The grocery list is such a perfect addition to the tour because it gives my patients a tool that takes the guess-work out of their grocery shopping experience. Grocery stores are overwhelming, especially today with all of the products out there - so to have that list guiding them through their shopping trip is priceless."

Watch a Demo

How to Offer a Virtual Grocery Store Tour

Norine has a unique practice where she sees clients both in-person and virtually. We asked her to share how she manages a grocery store tour if she is not seeing a client in-person:

"A virtual grocery store tour is something I offer as a seminar when it may not be feasible to a organize a physical tour. These are really fun, interactive presentations where we go over a lot of the information covered in an actual grocery store without actually being there.

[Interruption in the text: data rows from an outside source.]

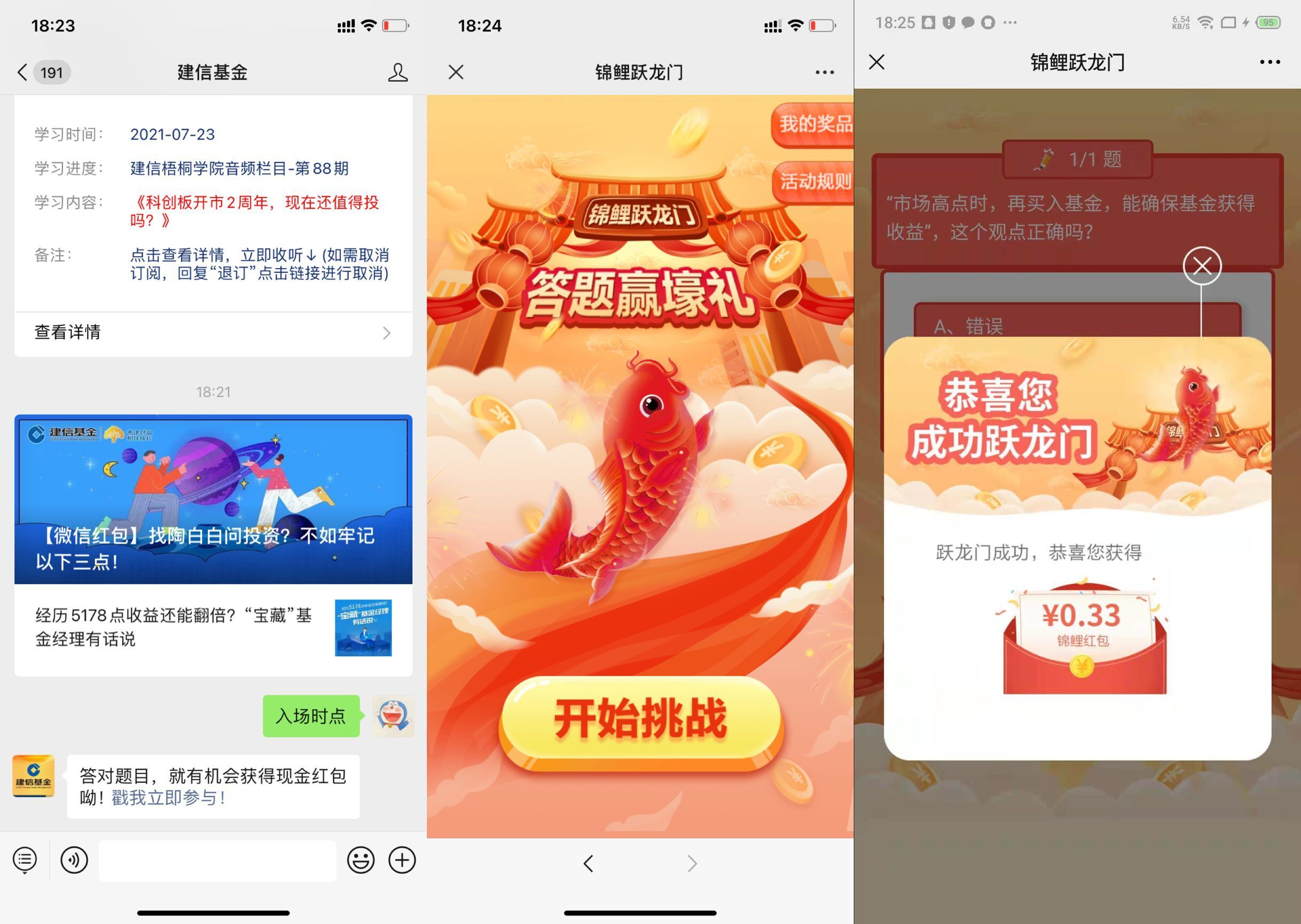 微信关注“建信基金”回复“入场时点”->点推文参与答题选错误->亲测0.33元微信红包!非必中不中换号!
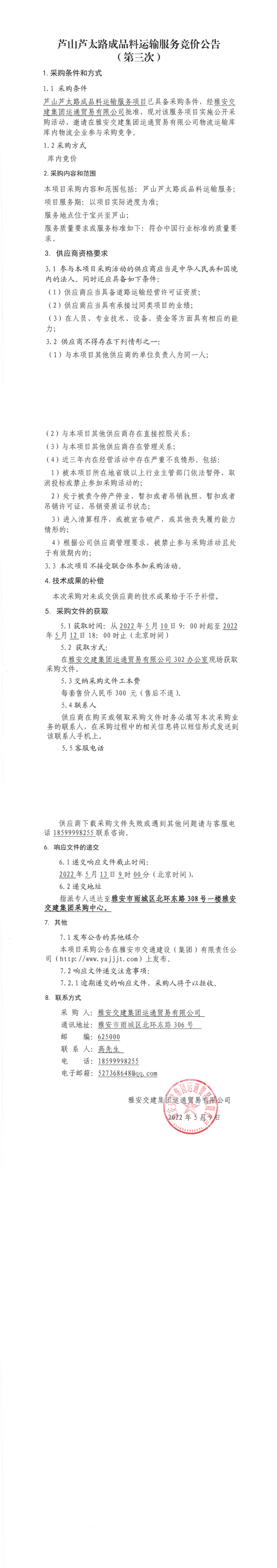 雅安交建集團(tuán)運通貿(mào)易有限公司蘆山蘆太路成品料運輸服務(wù)競價公告(第三次)
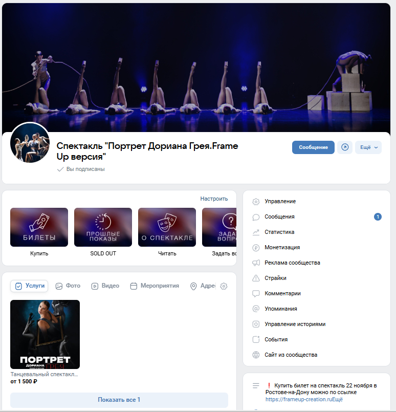 В объявлениях подробно рассказывали о спектакле: что это за мероприятие, почему стоит прийти, где и когда будет проходить. Добавляли четкую информацию о месте проведения, времени и т.д., и призываем получить видео-отрывок спектакля почувствовать атмосферу и понять, заинтересованы ли они в посещении спектакля.
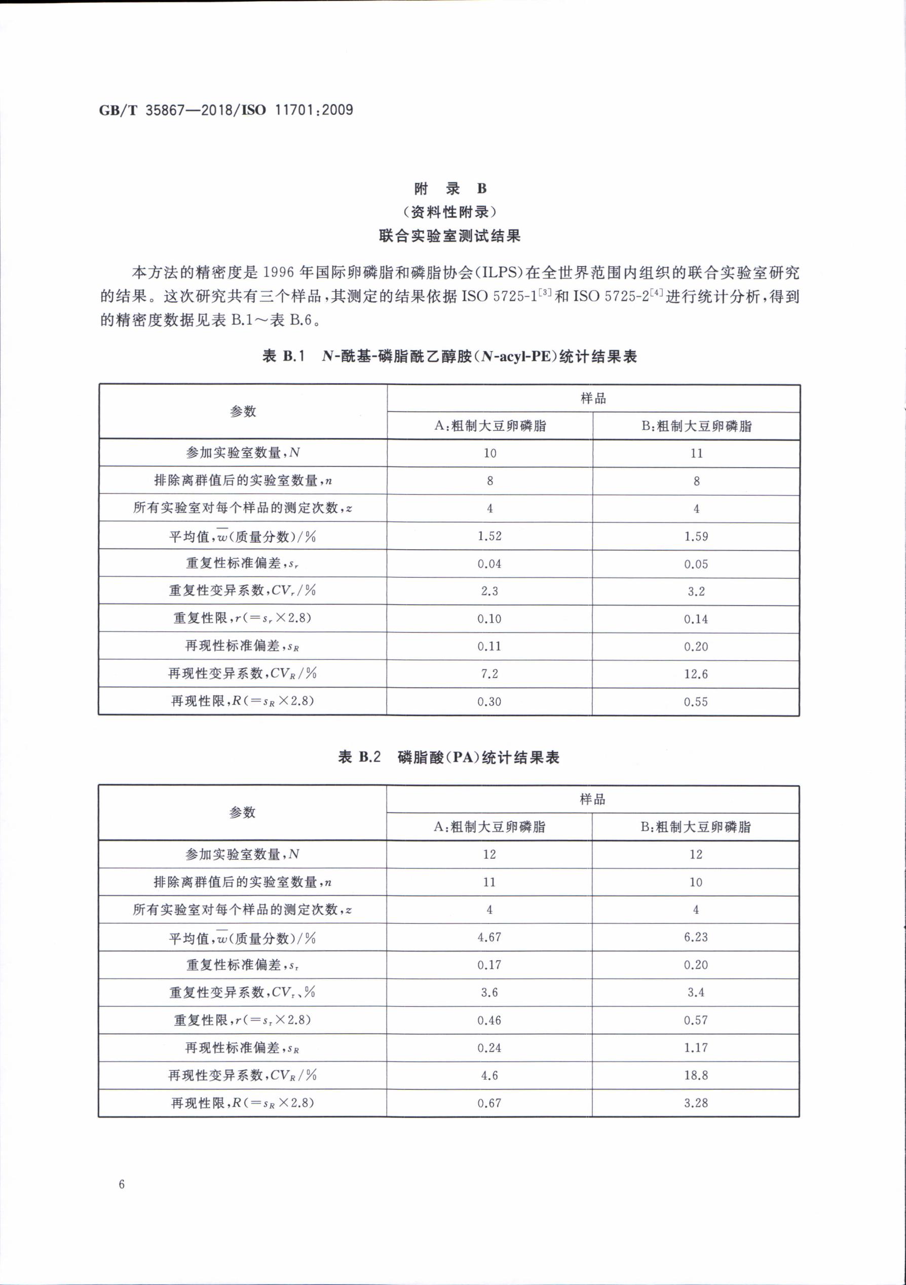 卵磷脂中磷脂含量的測定GB/T 35867-2018
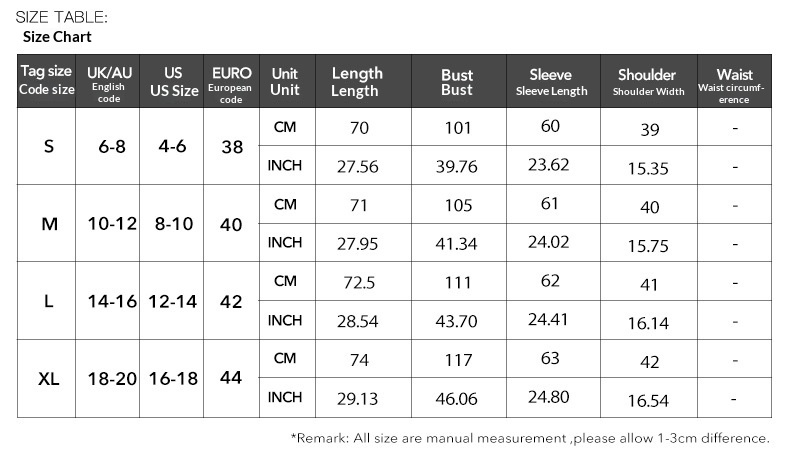 1. Asian sizes are 1 to 2 sizes smaller than European and American people. Choose the larger size if your size between two sizes. Please allow 2-3cm differences due to manual measurement. 2. Please check the size chart carefully before you buy the item, if you don't know how to choose size, please contact our customer service. 3.As you know, the different computers display colors differently, the color of the actual item may vary slightly from the following images.

We discuss the key sections of the grocery store, what to look for, how to read labels, healthy substitutions for common allergies or sensitivities, and how to prepare for a successful trip to the grocery store (for instance - the golden rule: do not go shopping hungry!)."

You can send handouts like recipes and shopping lists as a follow-up after the virtual session to keep them engaged and successful.

Watch Your Client Success Sky-Rocket

After this hands-on session, your clients are more empowered than ever to stay compliant and achieve their goals. Clients who have completed a grocery store tour are even more likely to follow through on their plan and become successful, raving fans of your services.

"I definitely notice that they feel more confident about the choices they are making - especially when it comes to my patients who express that time or frequent travel are big barriers to their healthy eating. Knowing that they have some key go-to's in the store that are convenient, healthy, and fit into their healthy meal planning goals gives them that feeling of confidence that I want them to have. Having these patients feel like they are equipped with the knowledge they need to make the best choices, as well as easy grocery store pick-ups definitely helps them stay on track.”

Are you offering grocery store sessions yet? If not, we are challenging you to start offering this type of appointment to your clients and see how it improves their success rate.